Virei-me na toalha. Esfreguei os olhos. Pensei em ir dar um mergulho, mas não havia sol, estava a arrefecer e um nevoeiro abatia-se pela praia, vindo do mar.
Vesti a camisola. Peguei na toalha e fui-me embora.
O par de namorados estava todo enrolado um no outro e nem se aperceberam na chegada do nevoeiro.
O mar desapareceu. A praia foi desaparecendo e o parzinho foi comido pelo nevoeiro sem se dar conta.
Eu corri até ao carro. Pu-lo a trabalhar e arranquei dali para fora.
Acendi um cigarro.
Na estrada cruzei-me com um comboio militar. Traziam canhões. Canhões enormes.
Encostei o carro à berma. Saí. Encostei-me ao carro e fiquei ali a fumar o cigarro e a ver o comboio militar a dirigir-se para a praia.
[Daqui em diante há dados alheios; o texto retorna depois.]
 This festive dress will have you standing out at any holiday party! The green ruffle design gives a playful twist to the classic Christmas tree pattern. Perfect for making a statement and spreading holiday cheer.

Os militares iam com cara muito séria.
Que raio se passaria?
O céu estava branco. Não havia gaivotas. Não ouvia as ondas do mar.
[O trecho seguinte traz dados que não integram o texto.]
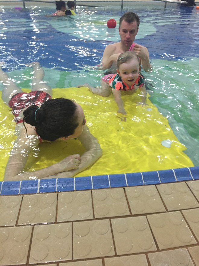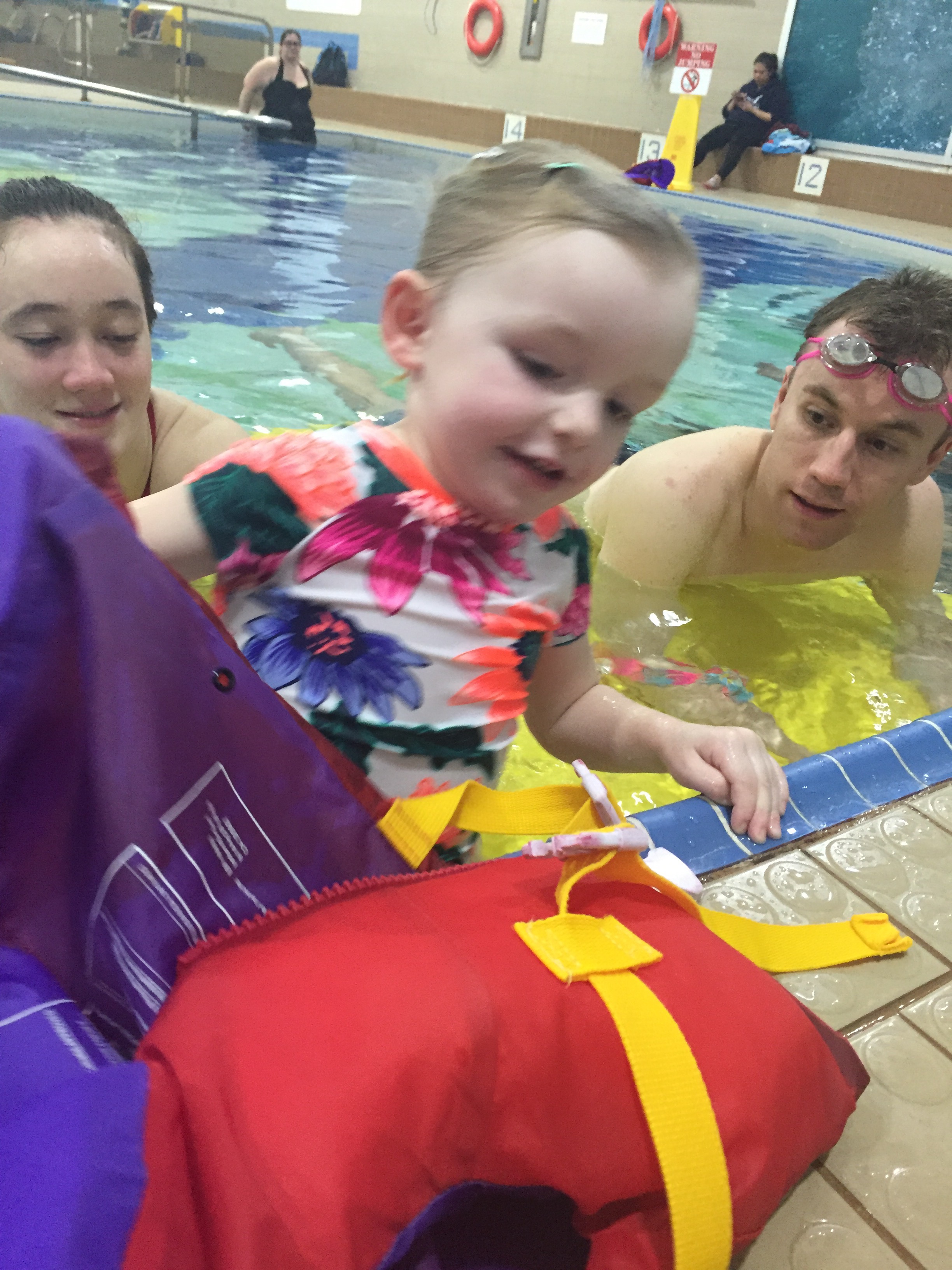 After a nice play and visit with Nana, Madison headed back to Variety Village for a swim with Ryan and Jessica. She did some floats, bobs, transitions and walking. She was tired at the end of her busy day, but she had no leg cramps at all today and legs were more relaxed which made for a nice day.

Larguei a beata no chão. Entrei no carro e arranquei. Não sabia para onde ir.
Ainda hoje não sei. Tenho ido em frente. Tenho-me cruzado com mais colunas militares. Tenho deixado o céu branco para trás, mas sempre próximo de mim. Já não tenho cigarros.

[escrito directamente no facebook em 2018/09/02]

Queria Ir-me Embora

Estou a olhar para o tecto. Não consigo fazer mais nada. Não consigo virar-me. Não consigo mover-me. Ainda consigo mexer um pouco os dedos, agarrar algo, mas perco rapidamente a força. Tudo se esvai.
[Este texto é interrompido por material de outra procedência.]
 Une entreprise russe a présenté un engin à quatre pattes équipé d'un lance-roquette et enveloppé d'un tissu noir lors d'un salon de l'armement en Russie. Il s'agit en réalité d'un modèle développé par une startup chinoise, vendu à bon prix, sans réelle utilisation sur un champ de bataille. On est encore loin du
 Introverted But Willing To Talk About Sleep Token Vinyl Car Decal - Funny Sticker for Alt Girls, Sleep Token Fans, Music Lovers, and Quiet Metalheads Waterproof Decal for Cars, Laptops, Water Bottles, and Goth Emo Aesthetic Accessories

Estou a olhar para o tecto porque é para onde estou virado. Estou deitado, de barriga para cima, nesta cama de hospital. E olho para o tecto branco, puro, limpo, e não vejo uma mancha do tempo, nem humidade, nem uma cagadela de mosca.
Estou a olhar para o tecto e estou farto. Estou saturado.
Estou saturado de estar aqui, assim. Sem poder mexer-me. Sem poder falar. Só me saem grunhidos. As pessoas julgam que estou irritado e agressivo, porque lhes grito grunhidos, mas não é verdade, é a minha frustração por não conseguir articular uma palavra e dizer-lhes Deixem-me partir!
Estou há uma semana aqui, neste quarto, nesta zona sossegada do hospital, onde tentam prolongar-me a vida. Mas eu não quero que me prolonguem esta vida. Vida! Que vida julgam que é? Isto não é vida. E quem disser que é não está a ser honesto. Há gente aqui para tratar de mim. Não posso ir sossegado à casa-de-banho, porque já não consigo. Ontem mijei-me todo. Já não me controlo. Não há vida nesta cama. A vida, como a conheci, terminou.
Estou cheio de dores. Tenho metástases por todo o corpo. Sei que não me espera nenhum milagre. Porque não acredito em milagres. Não sou religioso. Mas gostava de ser. Gostava de acreditar em tudo o que me contaram ao longo da vida. Não consigo.
Queria ir-me embora. Parar com estas dores e com as visitas destas senhoras, muito simpáticas, mas que me deixam com uma neura do tamanho do Domingo. Falam muito, falam demasiado, com as suas vozinhas irritantemente suaves e fininhas. Não quero que me venham falar de Deus, de Allah nem de Buda. Não acredito na vida depois da morte. Não acredito em nada e não quero acreditar nas fantasias que vocês me querem enfiar na cabeça.
Só queria um pouco de dignidade. Poder partir em paz com o mundo e comigo.
Não quero saber da minha mulher, dos meus filhos, do cão ou do Benfica. Só quero que eles fiquem bem. Que não se preocupem comigo. Que vivam as suas vidas em pleno até ao fim. Só quero que vivam as suas vidas da mesma forma que queria que me deixassem viver a minha. Mesmo que a minha escolha seja a morte. Fugir a estas dores insuportáveis. E não obrigar ninguém a ter de as partilhar comigo. Não quero viver a vida através de terceiros.
Se eu partir, parto em paz. E vocês ficam em paz. E a memória com que vão ficar de mim é de alguém que vos amou, vos ama, e que partiu em paz.
Estou a olhar para o tecto. Ouço a voz da enfermeira a dizer-me que amanhã é outro dia. Mas eu já não quero ver esse dia. Já não consigo ler, ouvir, falar, cantar, correr, comer, beber, amar…
Vivi a minha vida da maneira que vivi. Da maneira que pude viver. Que consegui viver. E amei cada pedaço dessa vida. Mas terminou. Não me obriguem a odiá-la, a ela e a vocês.
Sabem como é que me sinto? Fazem ideia de como me sinto? Querem saber mesmo como é que me sinto?
Eu quero poder ser eu até ao fim dos meus dias. Só isso.